Matthew Butterick is a civil litigation attorney in Los Angeles. He runs a law office there, Butterick Law Corporation, where he does civil litigation and also advises artists, designers and musicians. Before becoming an attorney, Matthew got a degree in art from Harvard University, focusing on graphic design and typography. After college, he worked as a digital typeface designer. Then he started and ran a website development studio. Recently, Matthew created a remarkably informative online resource—Typography for Lawyers.
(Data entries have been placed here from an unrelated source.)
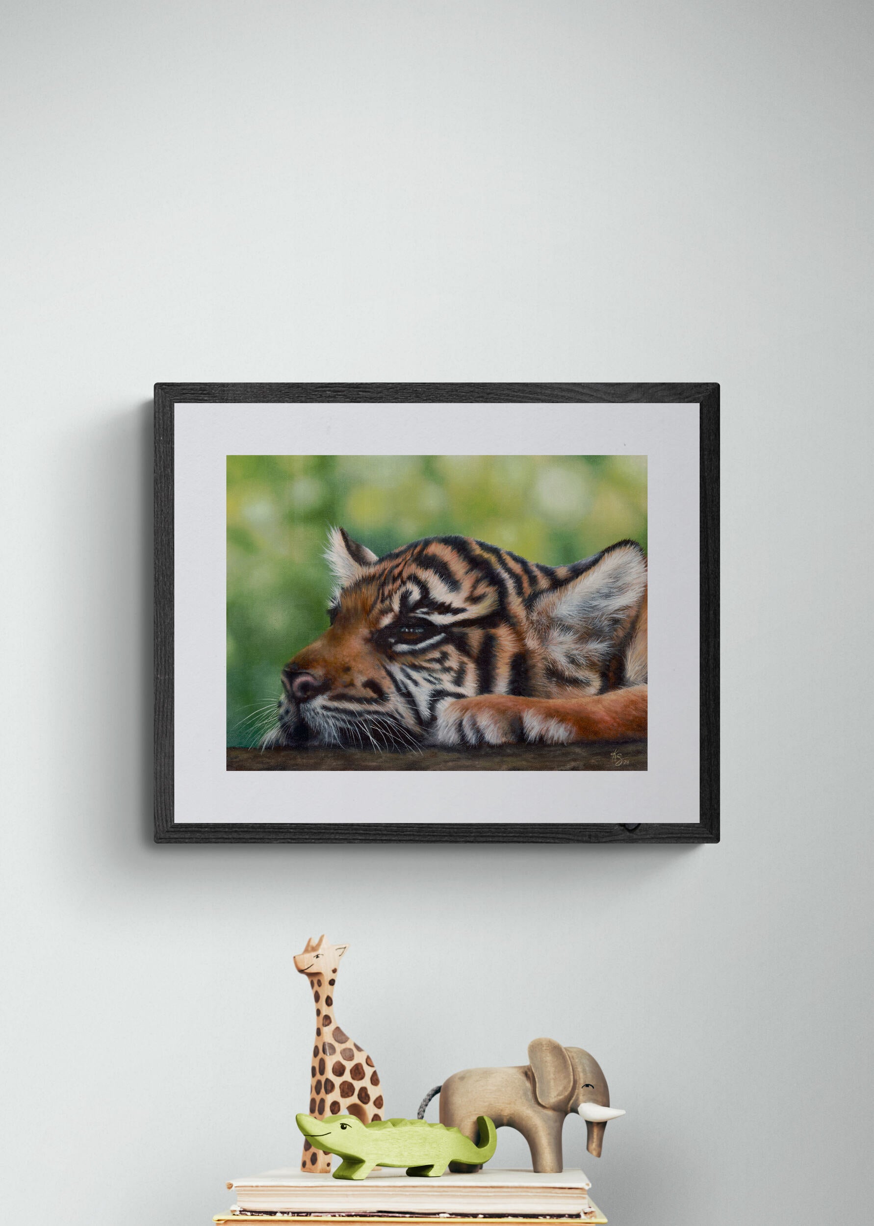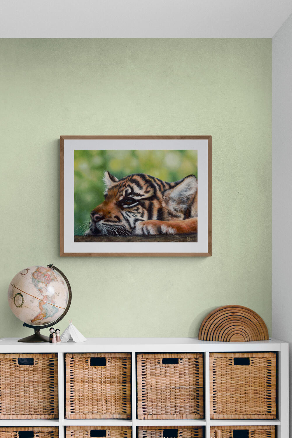 Printed on premium fine art paper with a smooth matte finish and ready for framing, this artwork allows the tiger cub's irresistible charm to shine.
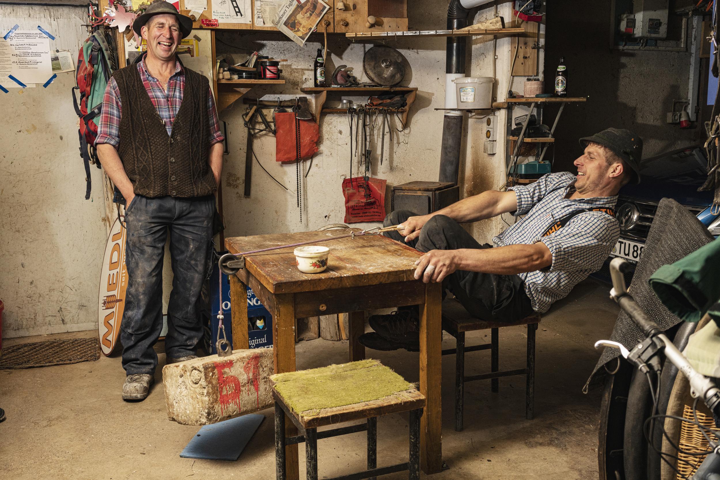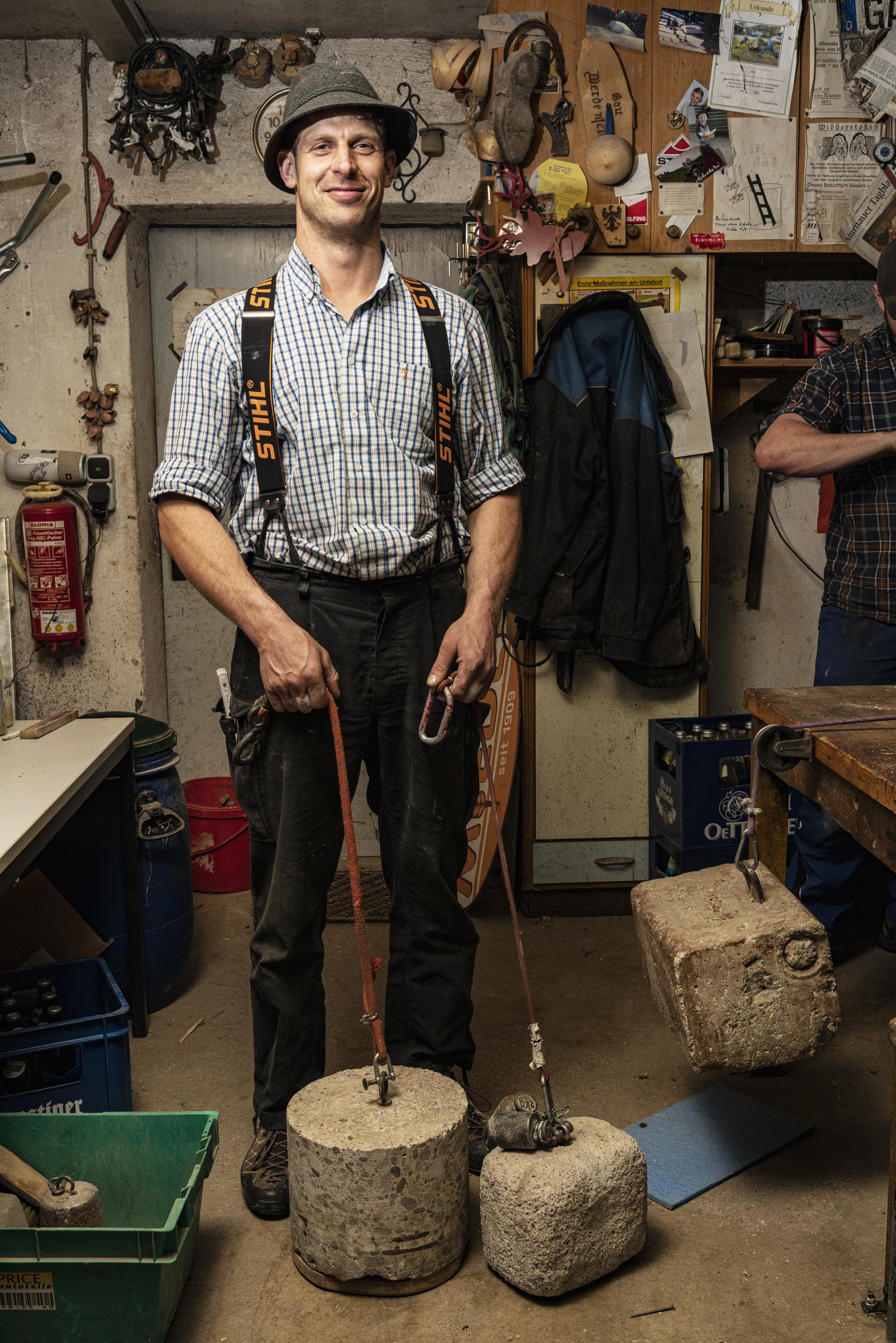 Light-heavyweight champion Josef Utzschneider, from Ohlstadt, Bavaria, Germany, trains in a garage with a 51kg concrete weight.
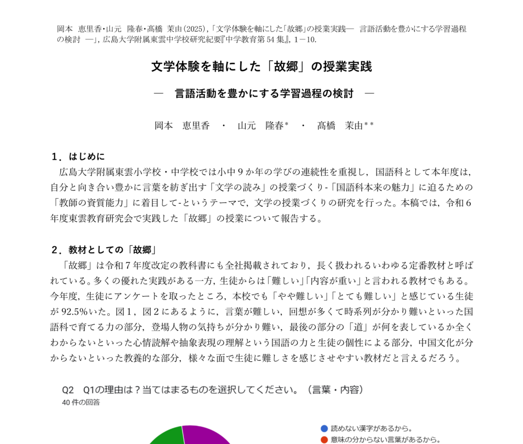 文学体験を軸にした「故郷」の授業実践 ー言語活動を豊かにする学習過程の検討ー
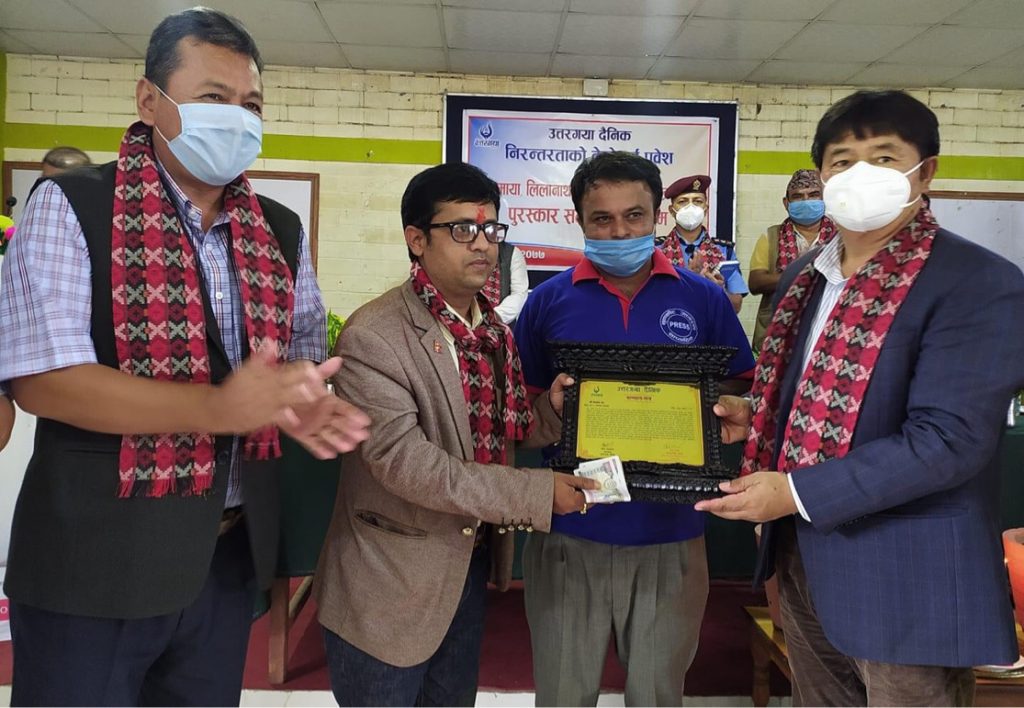 विदुर – नुवाकोटबाट प्रकाशन भईरहेको उत्तरगया दैनिकले आफ्नाे तेस्राे वर्षकाे निरन्तताकाे अवसरमा कृष्णमाया, लिलानाथ स्मृति क्रियाशिल पत्रकारिता पुरस्कारबाट पत्रकार देवचन्द्र भट्टलाई सम्मानित गरेकाे छ ।

He explains, “Even though the legal profession depends heavily on writing, legal typography is often poor. Some blame lies with the strict typographic constraints that control certain legal documents (e.g. court rules regarding the format of pleadings). But the rest of the blame lies with lawyers. To be fair, I assume this is for lack of information, not lack of will. This website tries to fill that void. There are numerous guides on typography for generalists available but none specifically aimed at lawyers. So as one of the few typographers-turned-attorneys in America (yes, there are others) I figure that if I don’t do it, nobody will.”

Let’s face it—a plethora of publishing tools (ergo, much of the typographic control in contemporary documents and communications) are now in the hands of the laity (designers’ clients, much as this may grate on some in our profession). Typography for Lawyers goes a long way in offering solid advice to anyone not formally trained in graphic design or versed in the finer points of typographic communication. Congratulations, Matthew!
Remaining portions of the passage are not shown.